The analysis revealed significant variations in the energy intake ratio based on EB type. Specifically, the proportional contribution of carbohydrates to total energy intake was found to be greater among NS type individuals than among their Com type counterparts. Conversely, the proportional contribution of lipids was higher in both the Emo and Com types than in the NS type. Additionally, the protein proportion was elevated in the Com type relative to that in the Ext type. Considering the carbohydrate-centric dietary pattern prevalent among Koreans, the Emo type was observed to exhibit a higher lipid intake than other EB types, while the Com type demonstrated increased proportions of both lipids and proteins. These findings suggest that individuals with emotional eating tendencies tend to favor energy-dense foods that provide immediate emotional gratification [9]. Furthermore, the Com type, characterized by elevated levels of emotional, restrained, and external EBs, displayed excessive energy intake, with higher proportions of lipid and protein consumption compared with other types. This indicates a substantial overall food intake, implying a significant consumption of lipid and protein sources, such as fish, meat, oils, and/or nuts. High-fat diets and excessive energy intake contribute to disease such as obesity and metabolic syndrome [17], so in the case of Emo and Com types, they need to be aware of their own eating characteristics and pay attention to proper energy consumption. Through this study, we were able to categorize and compare various EBs, thereby enhancing our understanding of the characteristics associated with individual eating patterns, as well as the complexities of the Com type, which encompasses all three tendencies.
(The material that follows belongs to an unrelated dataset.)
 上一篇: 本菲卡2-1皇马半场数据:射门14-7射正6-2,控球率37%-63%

Individuals within this category encounter challenges related to excessive energy intake. In light of these findings, we advocate for the development of a new definition of and further research into the Com type.
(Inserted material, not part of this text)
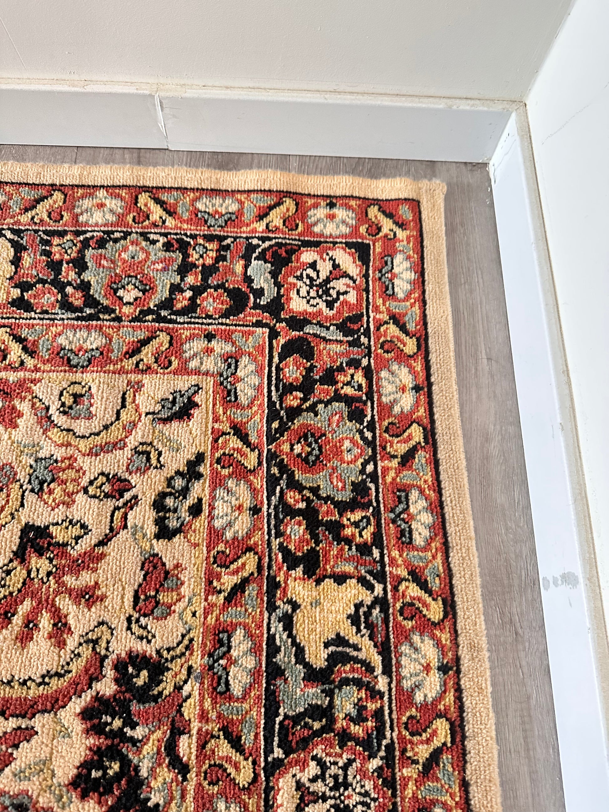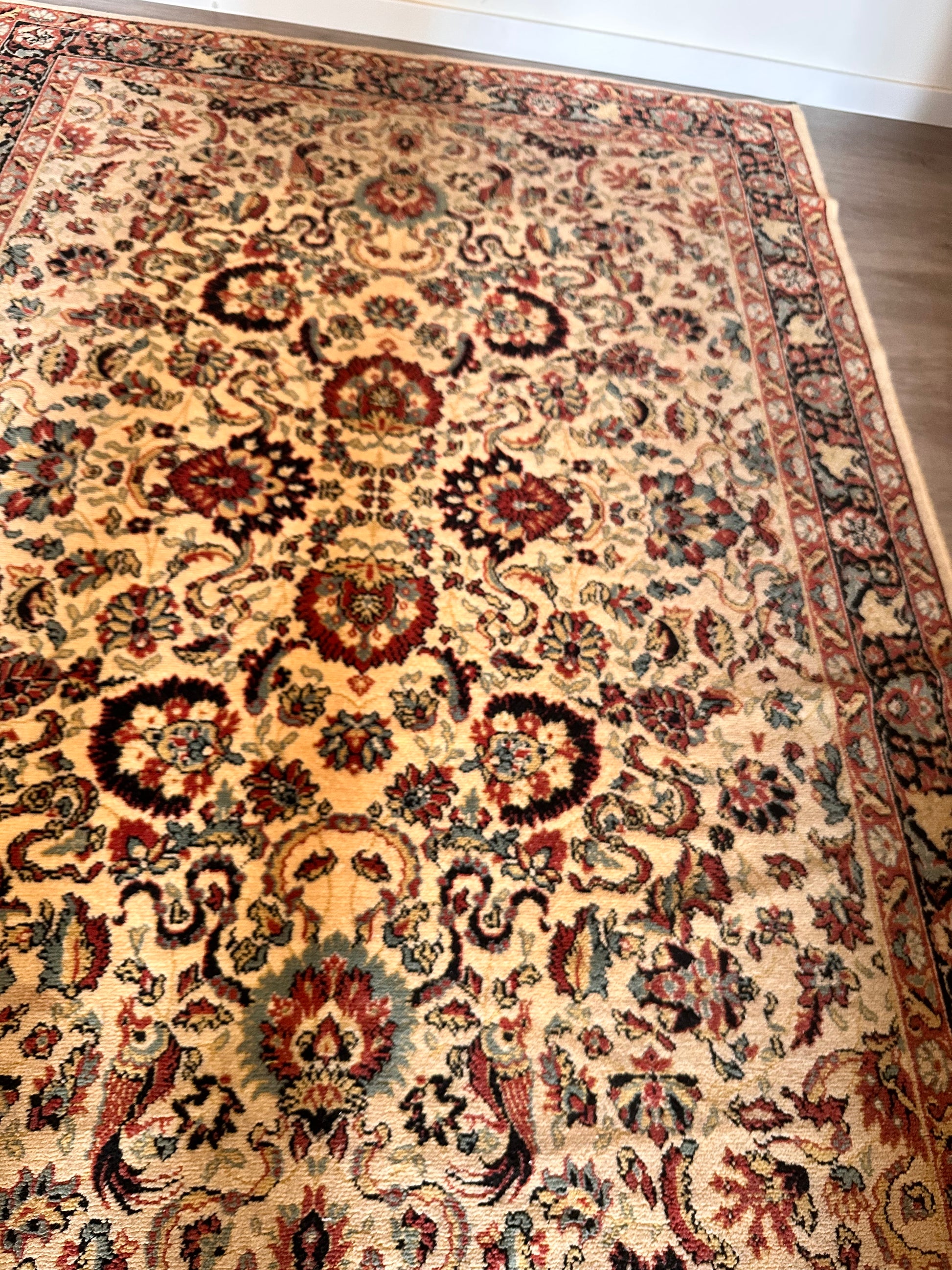 Een top vloerkleed. Deze is in een mooie vintage staat met prachtige kleuren. Soort lichtbruin beige met rood accenten. Royaal formaat

Nutrient consumption varies with individual EB type, with a particular emphasis on major nutrients, such as carbohydrate, lipid, vitamin E, niacin, and potassium. Notably, carbohydrate intake was significantly higher in the Ext type than in all other types, while lipid intake was also higher in the Ext type than in the NS type. This highlights the necessity for increased awareness regarding the risks associated with excessive energy intake, including overeating and binge eating, particularly within the Ext type. Given that the Ext type is more prevalent among women and individuals in their 20s and 30s, paying attention to and conducting further research on the eating environments and external factors influencing EBs in these demographic groups are imperative. A case–control study that analyzed the effects of mindful eating induction on food choices and energy intake in adult women showed that external eating functions as a moderator [18]. In other words, the mindful eating intervention group had reduced intakes of high-energy dense food and energy compared to the control group, and there was a greater reduction effect in those with high external eating levels. Therefore, these results suggest that cognitive and focused eating strategies might be useful for improving excessive energy intake related to external EB.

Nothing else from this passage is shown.